I am trying to get into machine learning with Keras.
I am not a Mathematician and I have only a basic understanding of how neural net-works (haha get it?), so go easy on me.
This is my current code:
from keras.utils import plot_model
from keras.models import Sequential
from keras.layers import Dense
from keras import optimizers
import numpy
# fix random seed for reproducibility
numpy.random.seed(7)
# split into input (X) and output (Y) variables
X = []
Y = []
count = 0
while count < 10000:
count += 1
X += [count / 10000]
numpy.random.seed(count)
#Y += [numpy.random.randint(1, 101) / 100]
Y += [(count + 1) / 100]
print(str(X) + ' ' + str(Y))
# create model
model = Sequential()
model.add(Dense(50, input_dim=1, kernel_initializer = 'uniform', activation='relu'))

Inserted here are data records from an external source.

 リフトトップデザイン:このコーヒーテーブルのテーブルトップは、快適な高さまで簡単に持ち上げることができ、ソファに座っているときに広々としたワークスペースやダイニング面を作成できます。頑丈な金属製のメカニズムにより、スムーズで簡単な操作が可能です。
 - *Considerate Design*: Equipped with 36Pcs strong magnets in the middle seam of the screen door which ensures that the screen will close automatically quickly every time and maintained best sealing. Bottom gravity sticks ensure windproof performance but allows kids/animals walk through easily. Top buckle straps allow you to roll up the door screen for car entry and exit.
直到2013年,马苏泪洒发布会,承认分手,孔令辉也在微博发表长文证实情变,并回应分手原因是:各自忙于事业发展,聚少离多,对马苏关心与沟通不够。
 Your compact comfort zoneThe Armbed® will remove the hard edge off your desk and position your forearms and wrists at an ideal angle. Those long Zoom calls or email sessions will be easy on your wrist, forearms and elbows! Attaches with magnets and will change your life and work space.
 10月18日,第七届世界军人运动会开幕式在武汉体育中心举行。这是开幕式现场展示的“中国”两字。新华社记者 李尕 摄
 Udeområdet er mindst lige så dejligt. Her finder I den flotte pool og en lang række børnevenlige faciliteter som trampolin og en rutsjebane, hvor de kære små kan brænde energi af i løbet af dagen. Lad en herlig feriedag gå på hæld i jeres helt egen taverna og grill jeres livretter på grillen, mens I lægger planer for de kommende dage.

model.add(Dense(50, kernel_initializer = 'uniform', activation='relu'))
model.add(Dense(1, kernel_initializer = 'uniform', activation='sigmoid'))
# Compile model
opt = optimizers.SGD(lr=0.01)
model.compile(loss='binary_crossentropy', optimizer=opt, metrics=['accuracy'])
# Fit the model
model.fit(X, Y, epochs=150, batch_size=100)
# evaluate the model
scores = model.evaluate(X, Y)
predictions = model.predict(X)
print("\n%s: %.2f%%" % (model.metrics_names[1], scores[1]*100))
print (str(predictions))
##plot_model(model, to_file='C:/Users/Markus/Desktop/model.png')

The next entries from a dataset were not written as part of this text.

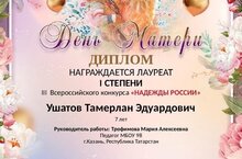 Поздравляем ученика 1 "А" класса Ушатова Тамерлана с победой в конкурсе чтецов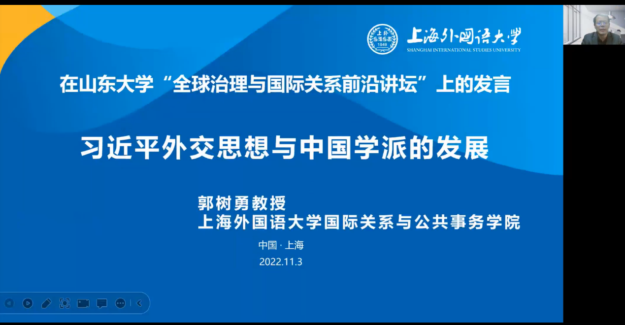 郭树勇教授以“习近平外交思想与中国学派的发展”为题做了精彩分享。他从关于习近平外交思想的学习认识、国际关系理论中国学派的必要性、新时代中国学派发展的四大变化、中国学派发展的历史经验、习近平外交思想与中国学派新阶段五个方面介绍了其最新的研究成果。理论视野高远、逻辑清晰完整,具有启发意义。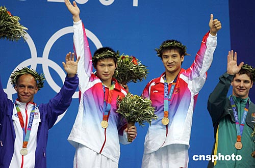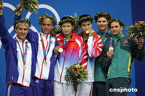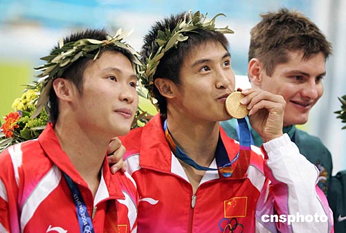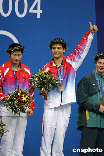 当地时间八月十四日晚,中国跳水队田亮、杨景辉在雅典奥运跳水馆获得男子双人十米跳台金牌。中新社记者:毛建军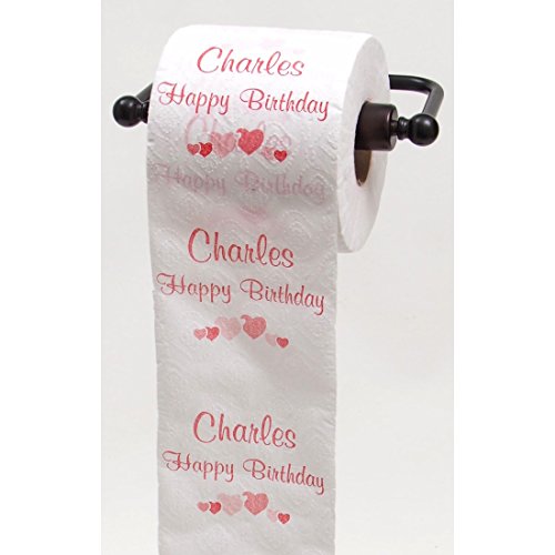 Studio : JustPaperRoses Publisher : JustPaperRoses Product Description Happy Birthday toilet paper in your choice of 25 male names. We also have 25 female names listed separately. Here we have Andrew, Bill, Charles, Christopher, Dan, Daniel, David, George, James, Jim, Joe, John, Joseph, Joshua, Justin, Mark, Matthew, Michael, Mike, Paul, Richard, Robert, Thomas, Tom, and William 0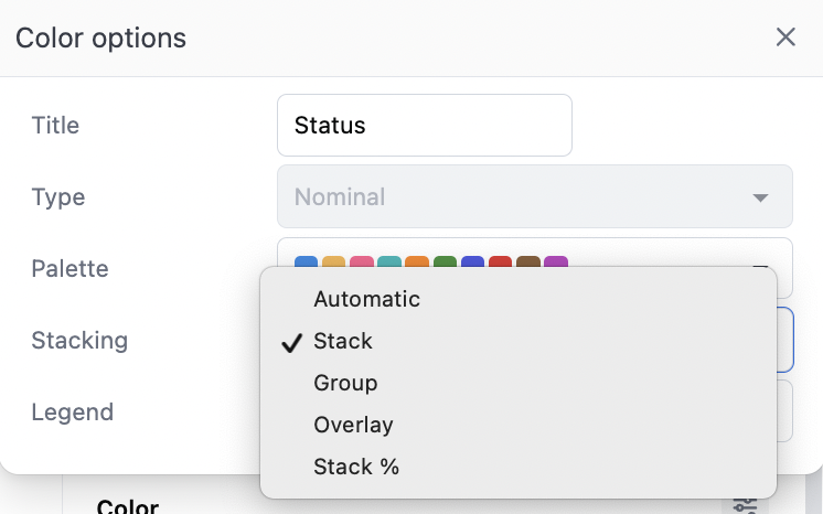 - Stack %: Series rebased to 100% across each x-axis value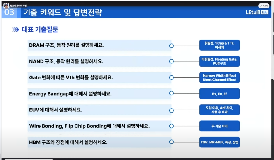 sk 하이닉스에서 주목해야 할 기술들과, 면접을 준비하기 위해 알아야 할 점들을 알아갈 수 있었으며, 취준을 위해 필요한 내용에 대해 잘 대답해 줘서 이를 통해 취업 준비에 대해 많은 도움이 되었습니다.

The accuracy stays zero and the predictions are an array of 1's. What am I doing wrong?
From what I can see you are trying to solve a regression problem (floating point function output) rather than a classification problem (one hot vector style output/put input into categories).
Your sigmoid final layer will only give an output between 0 and 1, which clearly limits your NNs ability to predict the desired range of Y values which go up much higher. Your NN is trying to get as close as it can, but you are limiting it! Sigmoids in the output layer are good for single class yes/no output, but not regression.
So, you want your last layer to have a linear activation where the inputs are just summed. Something like this instead of the sigmoid.
model.add(Dense(1, kernel_initializer='lecun_normal', activation='linear'))
Then it will likely work, at least if the learning rate is low enough.
Google "keras regression" for useful links.
Looks like you are attempting to do binary classification, with a binary_crossentropy loss function. However, the class labels Y are floats. The labels should be 0 or 1. So the biggest problem lies in the input data you are feeding the model for training.
You can try some data that makes more sense, for example two classes where data are sampled from two different normal distributions, and the labels are either 0 or 1 for each observation:
X = np.concatenate([np.random.randn(10000)/2, np.random.randn(10000)/2+1])
Y = np.concatenate([np.zeros(10000), np.ones(10000)])
The model should be able to go somewhere with this type of data.